How to Let Kids Use Calculators Without Ruining Their Ability to Think Numerically


Hi folks,

Now that summer has officially begun, I’m enjoying a certain distance from the heat of the school year, and that distance gives me a chance to reflect.

One set of ideas that my mind keeps poking around again and again is this:  a) the weakness in actual number sense among today’s elementary and secondary students,
b) the concomitant modern focus on teaching Number Sense during these school years, and c) the now-rampant overuse of calculators.

I find it interesting that Number Sense has become a “big important new topic” that math instructors are required to teach. I also find it interesting that the new focus on Number Sense has been growing steadily at the very same time that students in so many parts of our country have become more and more calculator dependent.

Could there be a connection?

Yes, undoubtedly! Back when I set up shop tutoring math, K-12, in 1990, Santa Fe (NM) Public School students were not permitted to use calculators willy-nilly. Because of that, our students were not calculator-dependent. Students were expected to know the truths of arithmetic forwards and backwards, and wouldn’t have dreamed of reaching for a calculator to find the value of something so simple as, say, 7 + 5, as happens routinely today. Yes, routinely! I should know; I’m a professional math tutor.

What’s more, I’d say that students in the 1990s generally understood concepts such as odd and even numbers, prime and composite numbers, how to prime factorize, how to find the GCF and the LCM, and the many other skills that are part of the “new area of math instruction we call Number Sense.

That’s because teachers used to require students to use their minds to work with numbers. Students used to grind out 7/18 + 5/12 by hand, not by pressing buttons. They used to figure out the LCM of 22 and 30 by using an algorithm rather than by tapping an app. They used to prime factorize numbers using the good old factor tree and simplify radicals by thinking rather than by pressing a sequence of buttons and scrolling through the numbers flashing across their LCDs.

You can probably see where I’m going with this. Today’s math students have become overly calculator dependent. That dependence on calculators, in turn, has made them deficient at the skills in the topic area we call Number Sense. And precisely because today’s students are so deficient at number sense, precisely because they have been allowed to become so dependent on their e-devices rather than on their mental devices, curriculum designers have devised this whole new area of math, Number Sense, that now gets taught as its own “thing” rather than being an integral thread of everyday math instruction. Number sense used to be something students developed naturally, by mentally working with numbers, day-in, day-out, using paper and pencil and mental math.

Lest I be called a Luddite, I’m not saying that calculators have no place in the math curriculum. But as a tutor who has helped students with math for some 27 years now, I can say with certainty that today’s students’ innate ability to work with numbers, play with numbers and calculate with numbers has been dulled and frankly allowed to atrophy because calculators have become an all-too-easy, all-too-available crutch.

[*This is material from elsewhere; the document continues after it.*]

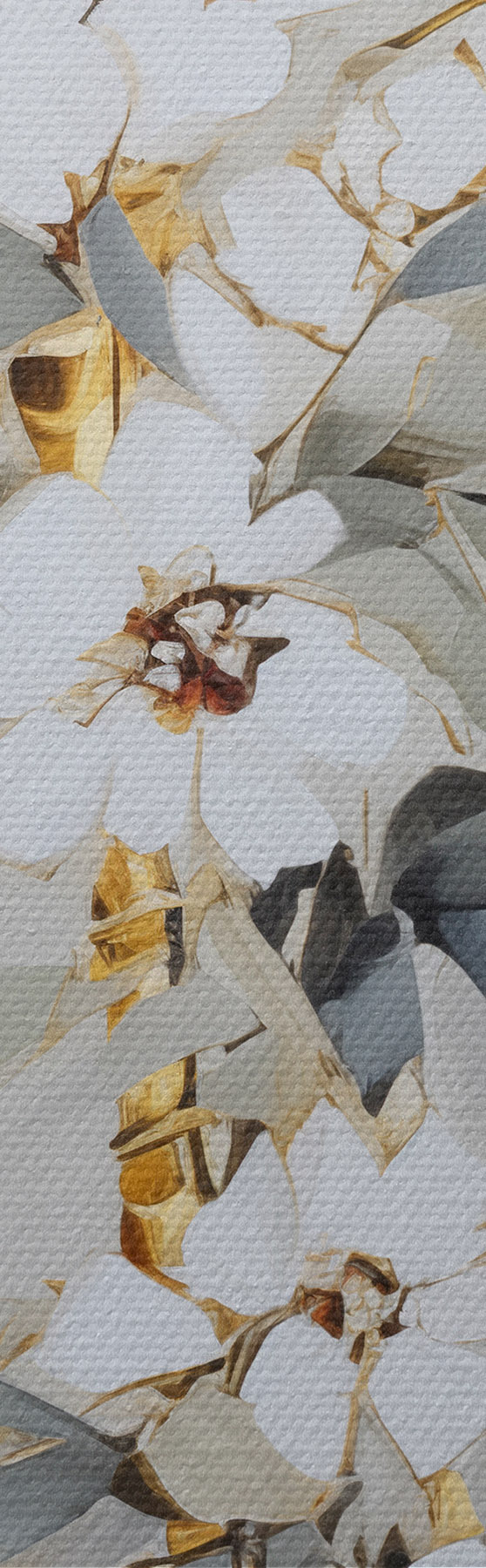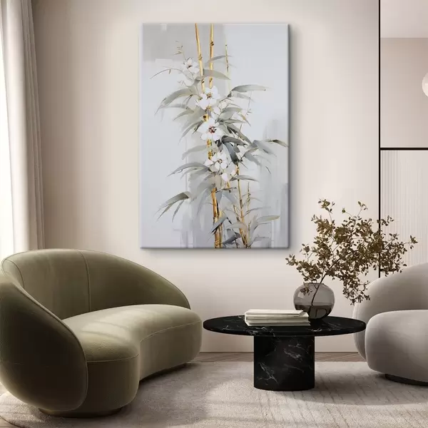 Maalid Abstraktsed bambusevarred kollaste aktsentidega, õrnad valged õied ja helerohelised lehed, hall taust Nr s47039

In this way, math curricula and math educators who overly promote calculator usage have done a great disservice to students. The good news, though, is that  teachers could correct course without too much trouble.

Teachers could still allow students to use calculators, quite appropriately, for higher-order processes — such as graphing two functions to see where they intersect, and to see if the answer found that way comports with the answer attained by solving the systems simultaneously by hand — while at the same time disallowing calculator usage for arithmetic calculations.

I’d like to see teachers get their students back to basics in this way because, from my perspective, we’re raising a new generation of students, many of whom have little ability to calculate mentally and little understanding of how numbers work. As a result, these children (soon-to-be adults) are unnecessarily vulnerable.

They’re vulnerable because they cannot tell if they are receiving the correct change from a cashier. They’re vulnerable because they cannot tell if their car or home interest payment is correct. And they’re vulnerable in a larger sense because they lack the ability to easily think numerically, i.e., quantitatively. And when people lack the fundamental ability to think quantitatively, even having a calculator won’t save them in many situations. That’s because they might not even know what operation to do to find a solution in a real-world situation.

But in an even more direct and practical sense, the new calculator-dependent students are vulnerable because they have been set up to struggle mightily in their college math classes. That’s because nearly all U.S. colleges require students to take math tests without using calculators!

So I say let’s get back to basics, and let’s do it in a smart way. Let’s continue to let students use calculators for higher-order thinking skills, but let’s disallow calculators for ALL arithmetic so that students will be required to once again become strong in those critical fundamental skills and so that they will re-gain the natural form of Number Sense that is their right and their due.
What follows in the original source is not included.